Stored dataset items:
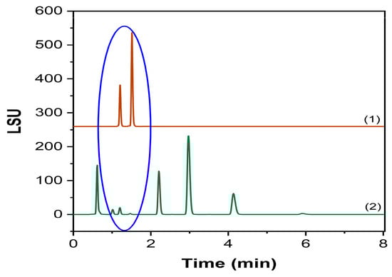 Comparison of Mono- and Diglycerides chromatograms. (1) Mono- and Diglycerides standard injection, (2) acidic stress condition. The blue circle identifies the same RT region.
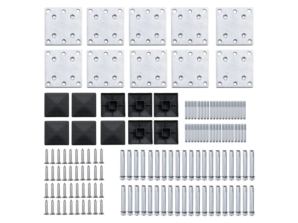 Plotové dosky, ktoré sú navrhnuté s modulárnym systémom, sa ľahko inštalujú a umožňujú vám plot rozširovať. Tieto stĺpiky obsahujú tri sloty, ktoré vám umožňujú zostaviť plot rôznymi spôsobmi, napríklad v priamke (180 stupňov), pravom uhle (90 stupňov) alebo v tvare písmena „T“. Multifunkčné oceľové nožičky sa dajú upevniť dvoma spôsobmi. Prvý spôsob je priskrutkovanie na povrch pomocou dodaných kotviacich skrutiek. Druhým spôsobom je ich ukotvenie do cementového podkladu pomocou uzemňovacieho hrotu (nie je v balení).
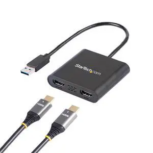 USB 3.0 to Dual HDMI Adapter, USB to 2x HDMI Monitor Converter for Windows, TAA (no support for macOS/ChromeOS/Linux)
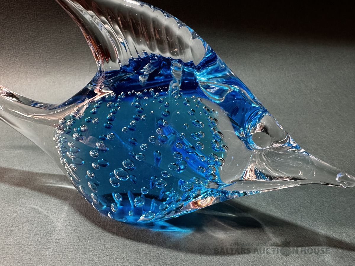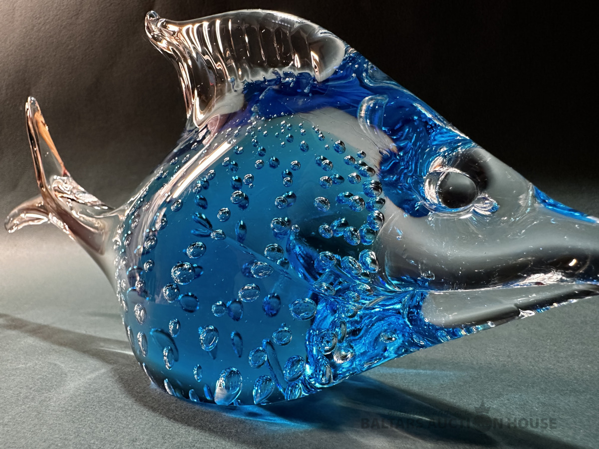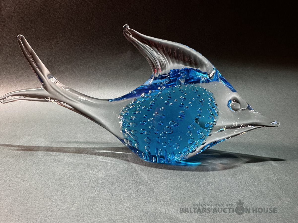 Interjera priekšmets ZIVS, iespaidīgs izskats, nav lietošanas pazīmju, lielums 27 cm ,izgatavota laika posmā 1970.-1973.g., Zviedrija, Konstglass, roku darbs, rets eksemplārs, tika izgatavoti 100 eksemplāri, visi skaistajā zilajā krāsā ar gaisa burbuļiem, dizainu radīja zviedriete Inga Liile Fare, kas ieprecējās stikla dizaineru brāļu Marcolinu dzimtā, kompānijas dibinātāji iepriekš amatu bija apguvuši Itālijā Venēcijā Murano salā un strādajuši vēl divās zviedru stikla dizaina kompānijās, pirms dibināja savu uzņēmumu. Konstglass vairākkārt mainīja nosaukumu un pat atrašanās vietu, aptuveni ap 1991. gadu beidza pastāvēt. Kontrolēto stikla burbuļu tehnoloģiju radīja Orrefors 1930-jos.
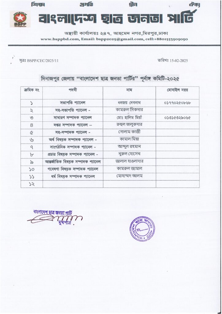 দিনাজপুর জেলা কমিটি
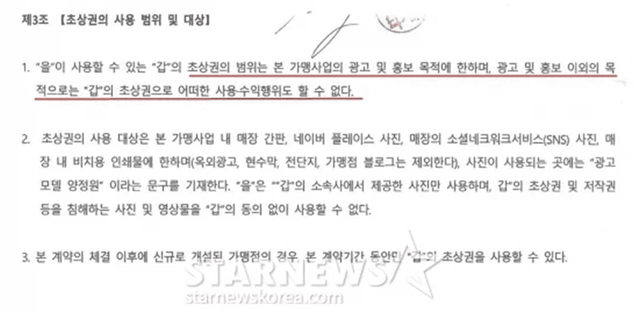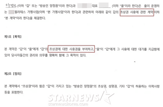 이 계약서에는 '광고 및 홍보 이외의 목적으로는 양정원의 초상권을 어떠한 사용, 수익 행위도 할 수 없다'고 명시되어 있었는데, 'C사가 가맹점 계약을 체결할 시 양정원이 해당 가맹 사업의 영업, 운영에 관여하지 않는다는 점을 설명해야 한다'는 내용도 계약서에 포함돼 있었던 만큼 많은 이들의 시선이 집중되었습니다.
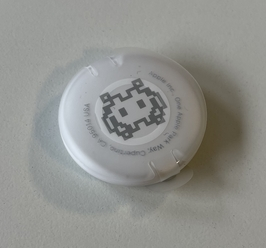 Bei der Bestellung konnte man noch eine kostenlose Gravur auswählen. Hierfür stehen zahlreiche Emojis aber auch normale Buchstaben zur Verfügung. Diese werden dann auf der weißen Seite des AirTags aufgedruckt. Das folgende Bild zeigt meinen personalisierten AirTag.
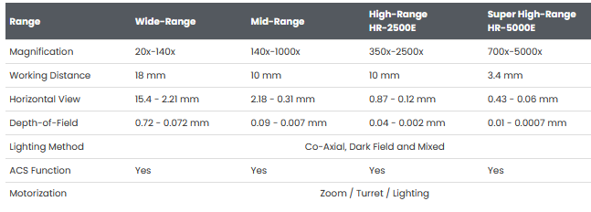 Hirox - Model HR-2500(E) / HR-5000(E) -High-Range Motorized Triple Zoom Lens
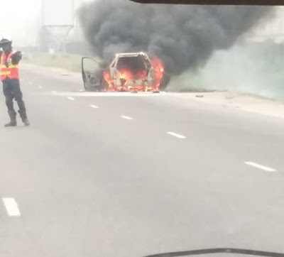 In Pictures: Driver Escapes Death As Car Catches Fire On Lekki Epe Expressway In Lagos
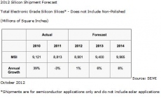 Cette année, les livraisons de wafers de silicium destinés à la fabrication de semi-conducteurs devraient progresser de 1 % par rapport à 2011, à 8901 millions de pouces carrés (soit 5,742 millions de mètres carrés), selon l’association Semi.
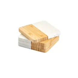 Conjunto de 4 Porta Copos em Mármore e Bambu SP94338

Task instructions | From the line with "Cette année, les" down to the end of the entries, retype each line exactly as written, but drop the pictures.

Answer to the problem |
 Cette année, les livraisons de wafers de silicium destinés à la fabrication de semi-conducteurs devraient progresser de 1 % par rapport à 2011, à 8901 millions de pouces carrés (soit 5,742 millions de mètres carrés), selon l’association Semi.
 Conjunto de 4 Porta Copos em Mármore e Bambu SP94338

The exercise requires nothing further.